**Directions for this task:** In your copy, reproduce each entry exactly and include no picture.

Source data
##########
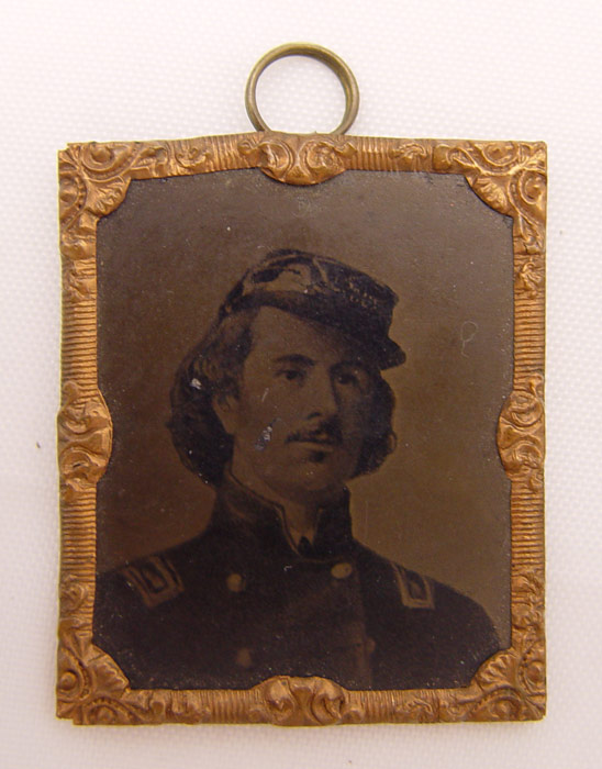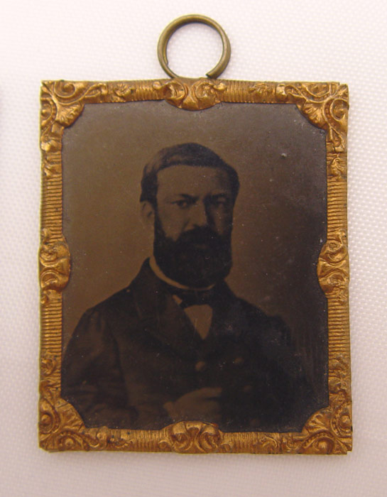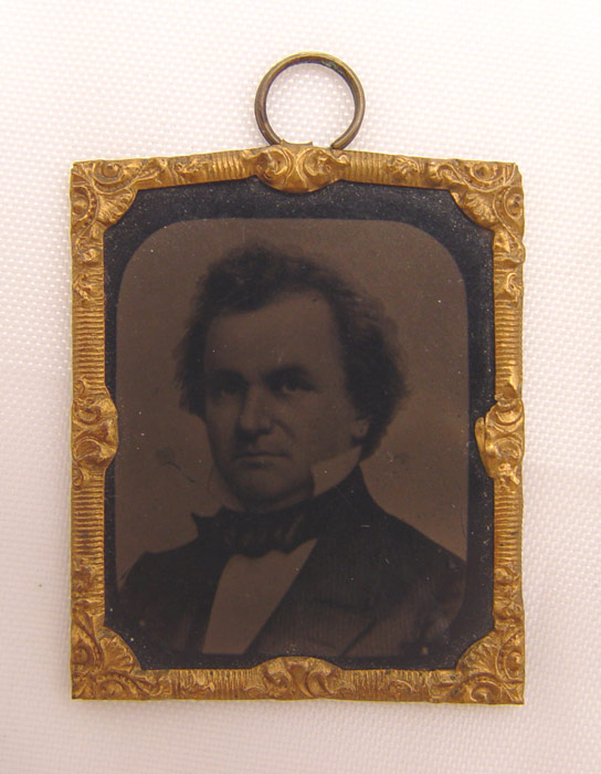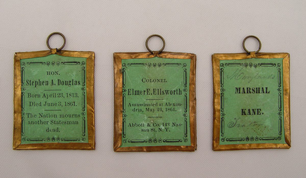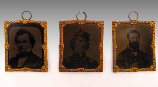 COLLECTION OF 3 CIVIL WAR MINIATURE TINTYPES: Each measures 1 3/8'' x 1 5/8''. Includes Col. Elmer Ellsworth, Marshal Kane, Stephan Douglas. Each has brass wrap frame and hanging ring.
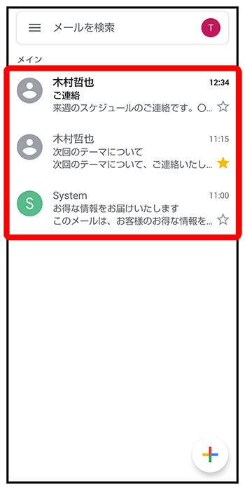 - メール一覧画面で、削除するメールのアイコンをタップ(
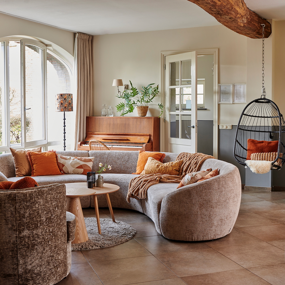 Stap binnen bij Cottage de Grote Berckt en je voelt de liefde en warmte waarmee de groepsaccommodatie is ingericht, onderscheidend voor grotere vakantiehuizen zoals deze. De leefruimte is het hart van het huis. Een grote keuken met een lange eettafel nodigt uit tot genieten. Van lekker ontbijten tot spelletjes spelen en lang tafelen met mooie gesprekken. Ook de zithoek in de woonkamer is uitnodigend. De mooie banken staan zo opgesteld dat je gezellig samen bent en ook afzonderlijk van elkaar kunt zitten.
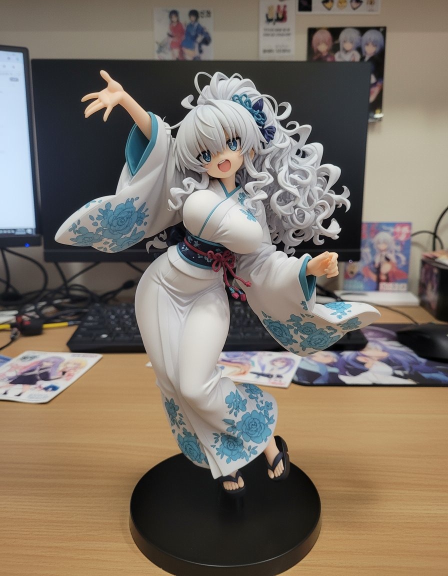 Create a 1/7 scale commercialized figurine of the character in the picture, in a realistic style, in a real environment. The figurine is placed on a computer desk. The figurine has a round transparent acrylic base. The content on the computer screen is a 3D modeling process of this figurine. Next to the computer screen is a toy packaging box, designed in a style reminiscent of high-quality collectible figures, printed with original artwork. The packaging features two-dimensional flat illustrations of the figurine.
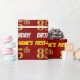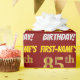 Den här pappra designen innehåller ett meddelande som "FIRST-NAMN's 85:e BIRTHDAY!", där "85:e" har ett utseende som liknar guld och liknar färg, och med namn och "BIRTHDAY" i ett roligt, fet stil. Namn är anpassade, och bakgrunden är färgad röd. Att packa pappert som detta skulle kanske kunna användas när man fyller på födelsedagskalkyl som ges till någon i firande på deras åttiofemte födelsedag. [~Z0000204]
##########
**Response to this task:**
 COLLECTION OF 3 CIVIL WAR MINIATURE TINTYPES: Each measures 1 3/8'' x 1 5/8''. Includes Col. Elmer Ellsworth, Marshal Kane, Stephan Douglas. Each has brass wrap frame and hanging ring.
 - メール一覧画面で、削除するメールのアイコンをタップ(
 Stap binnen bij Cottage de Grote Berckt en je voelt de liefde en warmte waarmee de groepsaccommodatie is ingericht, onderscheidend voor grotere vakantiehuizen zoals deze. De leefruimte is het hart van het huis. Een grote keuken met een lange eettafel nodigt uit tot genieten. Van lekker ontbijten tot spelletjes spelen en lang tafelen met mooie gesprekken. Ook de zithoek in de woonkamer is uitnodigend. De mooie banken staan zo opgesteld dat je gezellig samen bent en ook afzonderlijk van elkaar kunt zitten.
 Create a 1/7 scale commercialized figurine of the character in the picture, in a realistic style, in a real environment. The figurine is placed on a computer desk. The figurine has a round transparent acrylic base. The content on the computer screen is a 3D modeling process of this figurine. Next to the computer screen is a toy packaging box, designed in a style reminiscent of high-quality collectible figures, printed with original artwork. The packaging features two-dimensional flat illustrations of the figurine.
 Den här pappra designen innehåller ett meddelande som "FIRST-NAMN's 85:e BIRTHDAY!", där "85:e" har ett utseende som liknar guld och liknar färg, och med namn och "BIRTHDAY" i ett roligt, fet stil. Namn är anpassade, och bakgrunden är färgad röd. Att packa pappert som detta skulle kanske kunna användas när man fyller på födelsedagskalkyl som ges till någon i firande på deras åttiofemte födelsedag. [~Z0000204]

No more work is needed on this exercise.